------ Available data ------

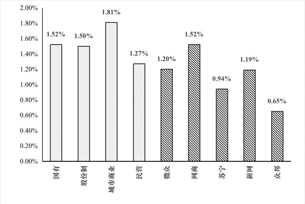 注:国有大型商业银行 、股份制商业银行、城市商业银行和民营银行的不良贷款率为2020年四季度数据,5家互联网银行的不良贷款率为2020年数据。农村商业银行2020年四季度不良贷款率相对较高,在此未列入。自2019年起,邮政储蓄银行纳入“大型商业银行”汇总口径。
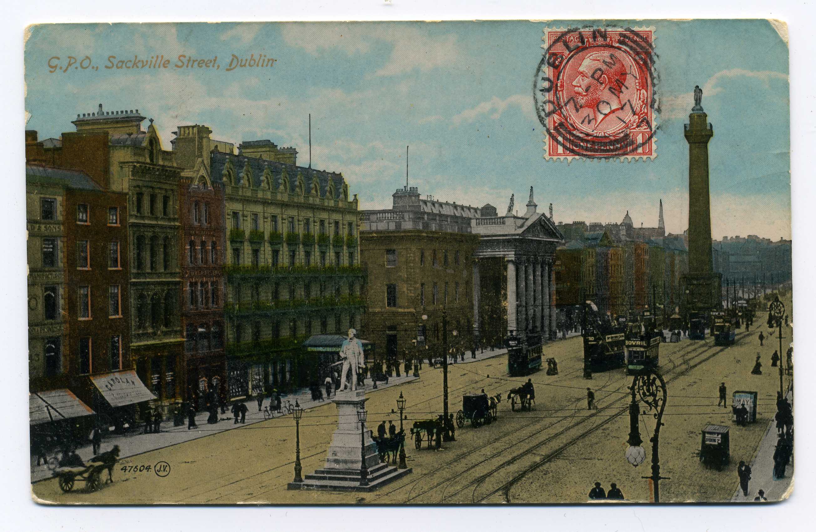 PH035 Image | 1917 Picture Postcard of GPO Sackville St. used to Portugal with 1d adhesive tied by Dublin cds, the adhesive being placed on the picture side
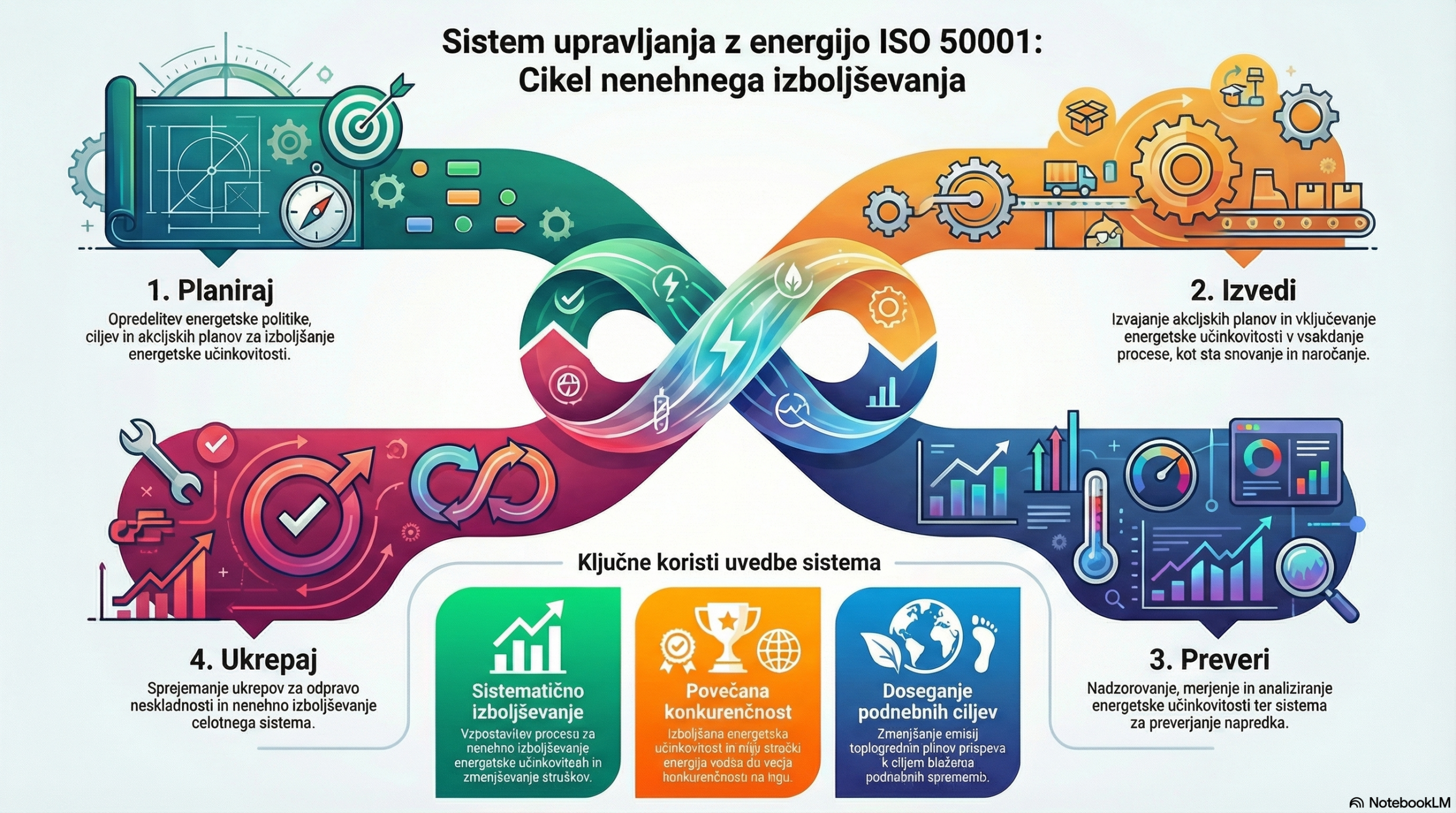 Ta dokument določa zahteve za vzpostavitev, izvajanje, vzdrževanje in izboljšanje sistema upravljanja z energijo (EnMS). Namen je omogočiti organizaciji, da sledi sistematičnemu pristopu pri doseganju stalnih izboljšav energetske učinkovitosti in sistema upravljanja z energijo.
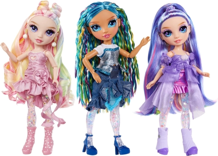 W zestawie znajduje się także uroczy magiczny pupil ze skrzydełkami i rogiem, grzebień oraz kompletny strój. Dzieci mogą kolekcjonować postacie z tej serii – Iris (Tęczowa), Bella (Różowa), Skyler (Niebieska) i Violet (Fioletowa) – oraz inspirować się nowymi odcinkami serialu Rainbow High na YouTube lub Netflixie.

------

Action item | The expected output is the material above, repeated exactly and free of pictures.

Your response |
 注:国有大型商业银行 、股份制商业银行、城市商业银行和民营银行的不良贷款率为2020年四季度数据,5家互联网银行的不良贷款率为2020年数据。农村商业银行2020年四季度不良贷款率相对较高,在此未列入。自2019年起,邮政储蓄银行纳入“大型商业银行”汇总口径。
 PH035 Image | 1917 Picture Postcard of GPO Sackville St. used to Portugal with 1d adhesive tied by Dublin cds, the adhesive being placed on the picture side
 Ta dokument določa zahteve za vzpostavitev, izvajanje, vzdrževanje in izboljšanje sistema upravljanja z energijo (EnMS). Namen je omogočiti organizaciji, da sledi sistematičnemu pristopu pri doseganju stalnih izboljšav energetske učinkovitosti in sistema upravljanja z energijo.
 W zestawie znajduje się także uroczy magiczny pupil ze skrzydełkami i rogiem, grzebień oraz kompletny strój. Dzieci mogą kolekcjonować postacie z tej serii – Iris (Tęczowa), Bella (Różowa), Skyler (Niebieska) i Violet (Fioletowa) – oraz inspirować się nowymi odcinkami serialu Rainbow High na YouTube lub Netflixie.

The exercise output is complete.